Soma segmentation and background removal using multiple thresholds. (a) Gray-scale MIP image, scale bar = 40 μm. (b) 2D MIP of \({B}_{{t}_{7}},\,{t}_{7}=161\). (c) 2D MIP of the soma array, \({B}_{{t}_{{\rm{s}}}},\,{t}_{{\rm{s}}}={t}_{12}=197\). (d) 2D MIP of \({B}_{{t}_{17}},\,{t}_{17}=233\). (e) 2D MIP of the cell voxel array, \({B}_{{t}_{{\rm{b}}}},\,{t}_{{\rm{b}}}={t}_{19}=245\). (f) 2D MIP of \({B}_{{t}_{20}},\,{t}_{20}=250\). (g) Number of objects (nt) vs. threshold (ti), circled cross represents the background level. (h) Criterion (ci) vs. threshold (ti), circled cross represents the soma level.
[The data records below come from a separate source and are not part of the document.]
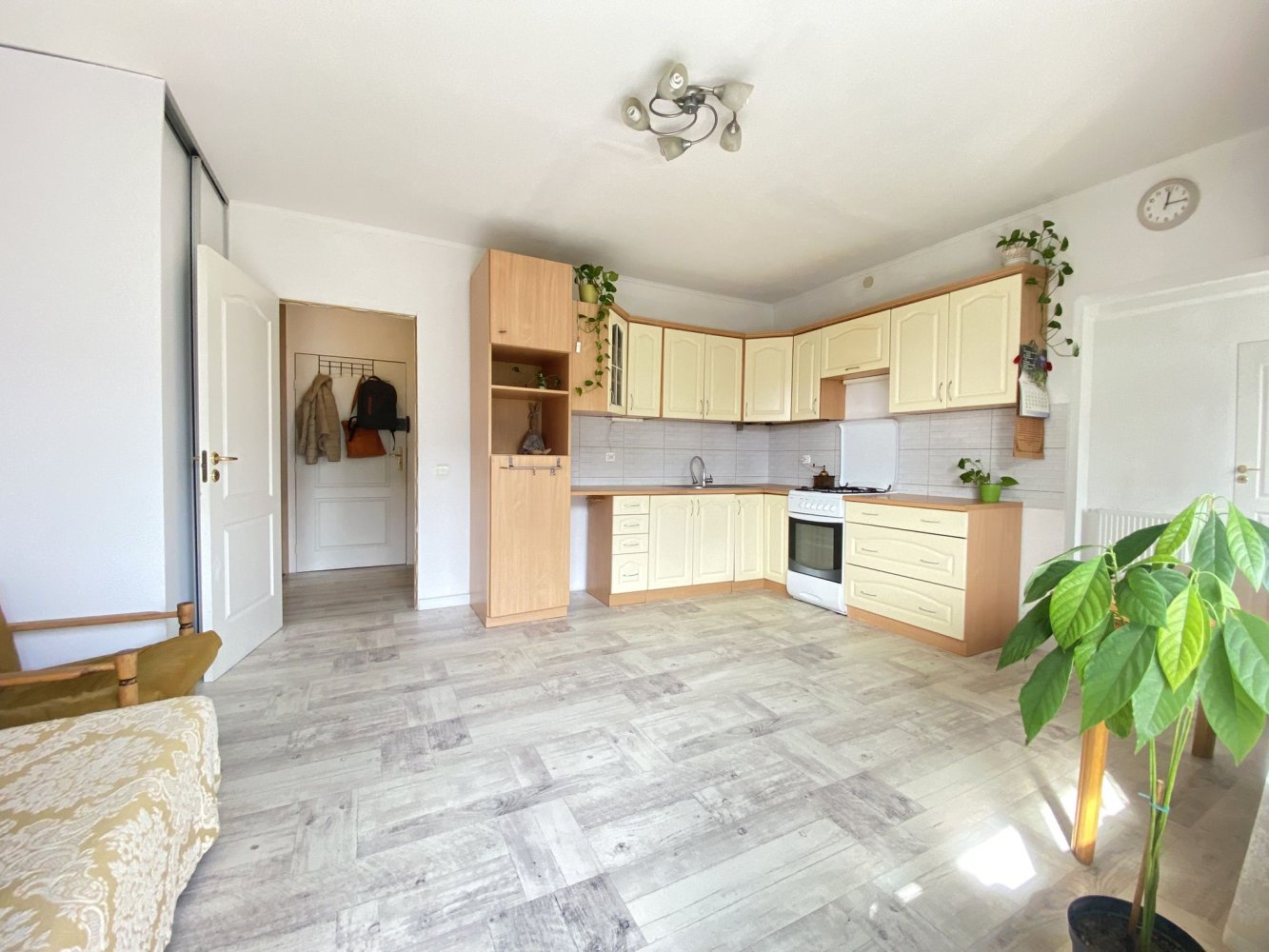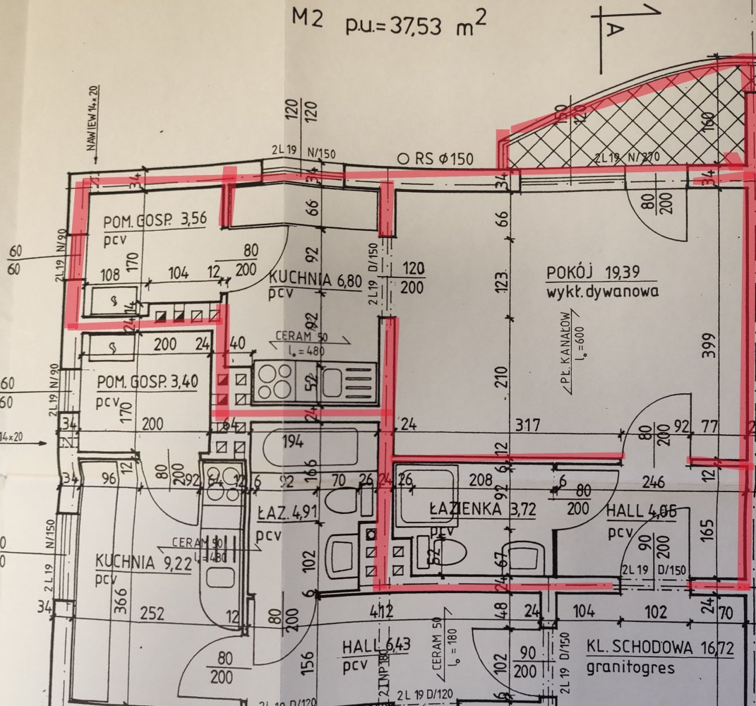 W tej chwili układ mieszkania jest taki, że z przedpokoju wchodzimy do pokoju z aneksem kuchennym (19,39 m2), dalej do małego pokoju (3,72 m2) i dalej do pomieszczenia gospodarczego (3,5 m2).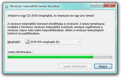Rendszer-helyreállító lemez készítése: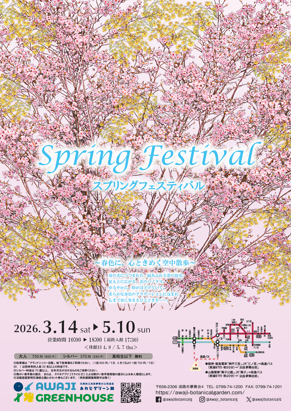 あわじグリーン館では春の訪れを楽しむ「スプリングフェスティバル ~春色に、心ときめく空中散歩」を開催いたします。

Also a threshold in which n reaches the absolute maximum can be considered as the background threshold denoted by tb. Because after tb objects start merging together and forming one large solid which covers all the image array (Fig. 1(f)). Therefore voxel intensities larger than tb have no value in demarcation of the foreground and will not participate in the cell tracing process. One way to find tb is to calculate n for all the intensities and then find the absolute maximum. This is a slow process specially when the size of the image array is large. Another way of finding tb is to use the values of n that have been already calculated for the threshold set, {t1, …, t20}. Assume tmax is a member of this set for which \({n}_{{t}_{{\rm{\max }}}}\) becomes maximum, so tmax will be either equal or very close to tb. Therefore, instead of searching all the intensities to find tb, we only need to search a small neighbourhood around tmax. This makes it much faster to locate tb for which \({n}_{{t}_{{\rm{b}}}}\) is the absolute maximum (Fig. 1(g)).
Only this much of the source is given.